Karen is 2 years younger than I am and I simply cannot imagine what my life would be like without her. In this picture, she is 2 and I'm 4 and we've just woken up from a nap. I still remember our Mom taking this picture and I also remember how warm and tiny and yummy she felt beside me under the blankets.

Growing up, Glen and Darryl were 'the boys' and Karen and I were 'the girls'. Karen was always my little shadow and my built in best friend. We slept together for many years in a double bed. My thrifty Mom had sewn two single fitted sheets into a double fitted sheet and there was a seam down the center of the bed because of it. If Karen slid so much as a toe across that line, I was yelling for Mom, tattling that Karen was on MY side of the bed. When my parents renovated and I finally had my own room, I spent more than one night stuffing dolls and clothing in my bed so it would appear that I was sleeping in it in order to sneak into her room to sleep with her.

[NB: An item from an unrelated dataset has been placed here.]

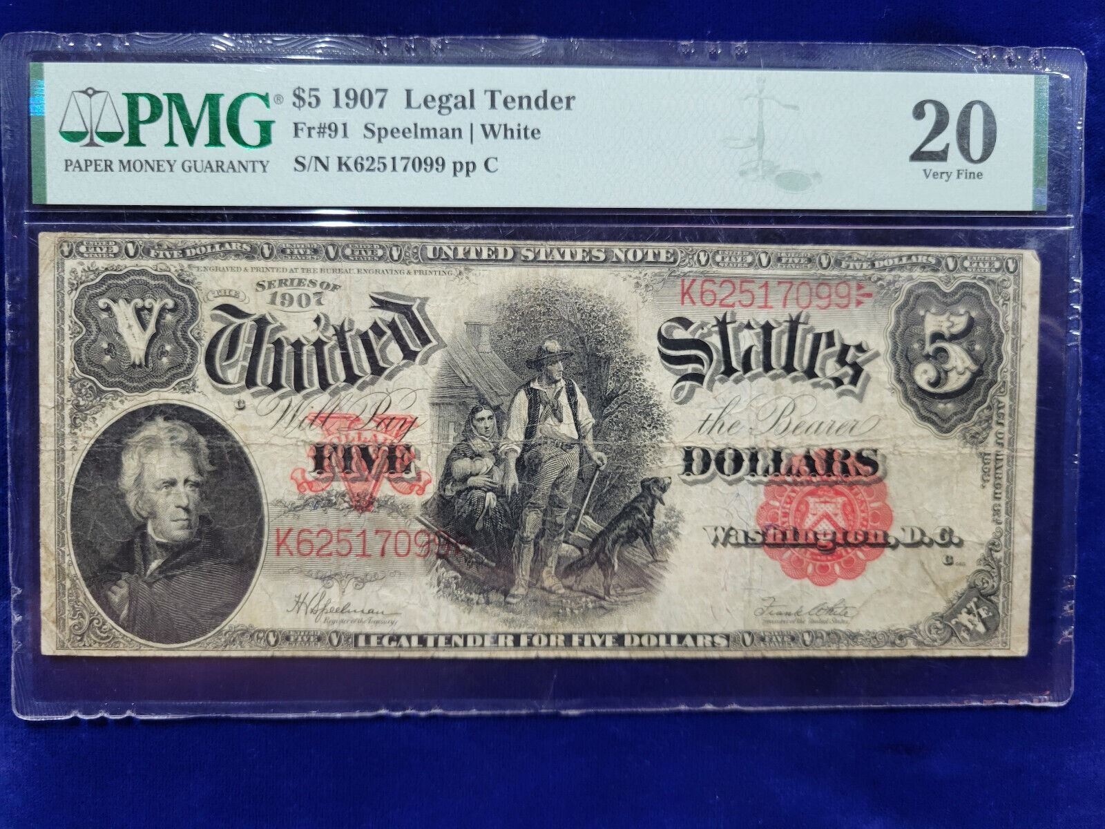 1907 $5.00 Legal Tender Note Woodchopper VF 20 PMG

Growing up, we had the normal fights that sisters have over clothes being borrowed without permission, chore distribution and make-up (yes, I did steal your fabulous blush brush; it's in my make-up bag as I type this!), but we have always been very, very close. I don't remember when it happened, but there was a very clear moment when she went from being my 'little sister' to being my 'seeso'. I'm still very, very protective of her but only because I love her, not because she is younger than me or requires my protection.
Karen is a person who is liked by everyone. She's always smiling and is so kind.... but the formidible Pelchat-woman spirit is firmly planted in her soul too. Karen has always amazed me with her ability to have very clear boundaries and an ability to say 'no' unequivocally when she needs to. I have learned so much about that from her.
Although we were close growing up, I was always surprised at how different we were. I saw the two of us a polar opposites and was always a bit sad that we weren't more alike, however as we grow older, the similarities are becoming more obvious... shockingly so actually. We laugh alike. We have similar mannerisms. We use the same phrases. We both have crazy green eyes. We think alike in so many ways and it's such a wonderful feeling to have someone in the world who sees things in a similar way. She makes me feel like less of a freak somehow.
When I moved to Nakusp, I knew I had to lure her here. I helped her to find a job and once she found a man, I knew she was mine for good! She lived here for 15 years then found a job in Nelson. At first I didn't believe her and once I realized that she was serious, I ignored her. I wouldn't talk to her. I wasn't mean.... I just needed to detach and build a little wall around my heart so that it wouldn't hurt quite as much when she left. She assured me that we would see MORE of each other once she moved, something that I thought was completely ridiculous. Our offices were across the street from each other for God's sake! But.... she was right. We see far more of one another now that she lives 2 hours away from me and our visits are much more intimate. We are closer than we've ever been.
Karen understands me. I can tell her anything.... anything and I know without hesitation that she won't judge me, no matter what I say. She loves me unconditionally and is always there me, as I am for her.
I love her ferociously and I'm grateful every single day of my life for the gift of my Seeso.
(In the above picture, Karen has just finished a sambucca shooter that was lit on fire while inside her mouth. I kid you not. She may look like a sweet little lamb but there is a very kooky girl under all of those curls.)